China A-shares in a broad emerging market fund may be the right idea at a terrible time.
Plans to bring to market the KraneShares FTSE Emerging Markets + All China ETF are interesting in one sense but ill-fated in another. Here’s why.
Just like adding a superstar to a team doesn’t make it an automatic contender, adding China A-shares to a broad emerging market fund, in my opinion, is no game changer for investing in the developing world.
In other words, the design of KraneShares’ new fund is interesting and potentially useful for passive investors.

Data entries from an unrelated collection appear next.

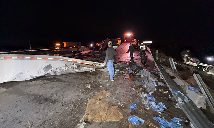 Se informó que el accidente se reportó alrededor de las 18:50 horas del pasado domingo, cuando el tráiler, circulaba en dirección de sur a norte sobre la carretera federal, al parecer a exceso de velocidad, y al llegar al kilómetro señalado, el chofer perdió el control del volante.
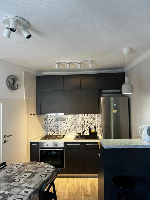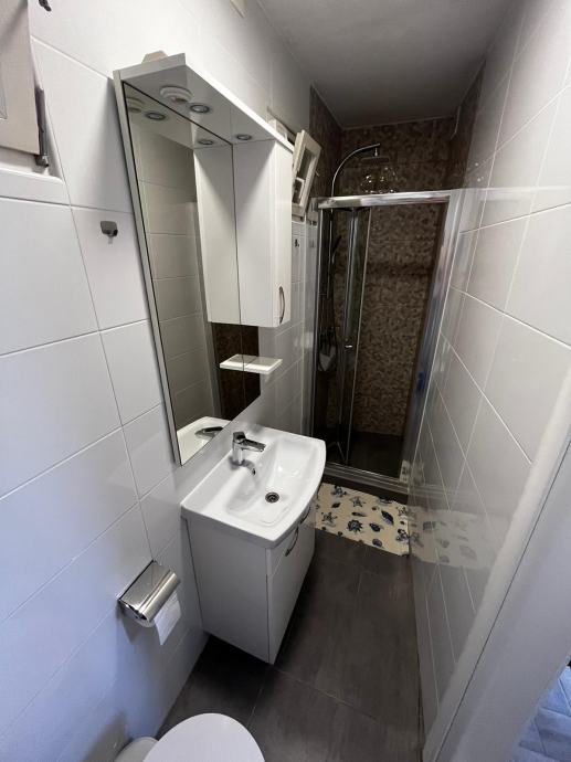 The house has two separate entrances on two floors, each of which is 40m2. Each floor represents a separate residential unit and is therefore suitable for accommodation of up to 8 people (4 people per floor). Each floor has a separate bathroom with toilet, equipped kitchen, electric boiler and air conditioners.
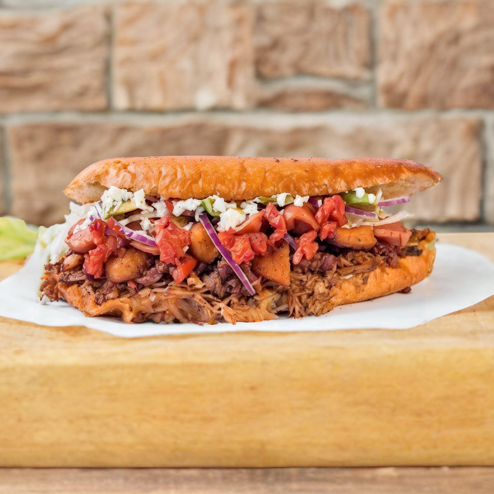 Doble carne de arrachera, salchicha roja, jamón de pavo, rodaja de pina queso oaxaca, aguacate, lechuga, tomate, cebolla asada y papas a la francesa.
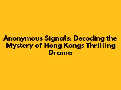 Hey everyone, let's dive into the gripping world of Anonymous Signals, a Hong Kong drama that's been making waves! This series is a rollercoaster of suspense, mystery, and crime, packed with compelling characters and a plot that keeps you guessing. If you're a fan of thrillers, detective stories, or just love a good drama, you're in for a treat. We'll break down everything you need to know, from the plot and characters to where you can watch it and why it's worth your time. So, grab your snacks, settle in, and let's explore this amazing show!

But the timing could hardly be worse.
What I mean is that this KraneShares fund is likely to come to market at a time when investors are pulling record amounts of money from broad emerging market funds like the iShares MSCI Emerging Markets ETF (EEM | B-100) and the Vanguard FTSE Emerging Markets ETF (VWO | C-89).
According to the preliminary filing detailing the KraneShares FTSE Emerging Markets + All China ETF, the fund will track a new FTSE index that includes both traditional emerging markets investing exposures as well as the China A-share market—arguably the holy grail of China equity investing.
(For a full appreciation of the complexity of China’s equity market, refer to ETF.com’s “The Complete Guide To Chinese Share Classes.”)
The Good News
So, first, let’s start with the positives.
Using ETF.com’s ETF Analytics to see country exposure in the two largest broad emerging market funds, EEM and VWO, leads to a quick and clear conclusion: China is quite underrepresented.
To be clear, despite being the second-largest economy globally, China occupies less than 20 percent by weight in either EEM’s or VWO’s portfolio.
This phenomenon is largely due to strict capital control imposed by the Chinese government—the domestic Chinese equity (A-shares) market is still largely inaccessible to foreign investors.
Because many large Chinese companies are listed solely in the A-share market, indexes that exclude the A-share market don’t quite provide an accurate representation of the larger Chinese equity market.
Thanks to the recent expansion of the renminbi qualified foreign institutional investors (RQFII) program—U.S. investors finally have direct access to the Chinese A-share market via U.S. listed ETFs—the db X-trackers Harvest CSI 300 China A-Shares Fund (ASHR) and the Market Vectors China AMC A-Share ETF (PEK | F-46).
However, investors looking for broad-marketlike EM exposure are still left unsatisfied by existing broad emerging market ETFs. Here comes KraneShares FTSE Emerging Markets + All China ETF.
The fund will track the FTSE Emerging + China All Share Class Index, which expands the existing FTSE Emerging Index by adding China A-Shares.
By leveraging its existing relationship with Bosera Asset Management in Hong Kong, KraneShares will have access to RQFII quota, hence access to the highly restricted and coveted A-share market. As such, the fund can track a more inclusive emerging market index.
This is good news for passive investors looking for broad and representative emerging market exposures.
Rather than holding EEM or VWO and adding some long positions in ASHR, investors can get broader and more diversified emerging market exposures by holding only one fund. It’s quick and easy.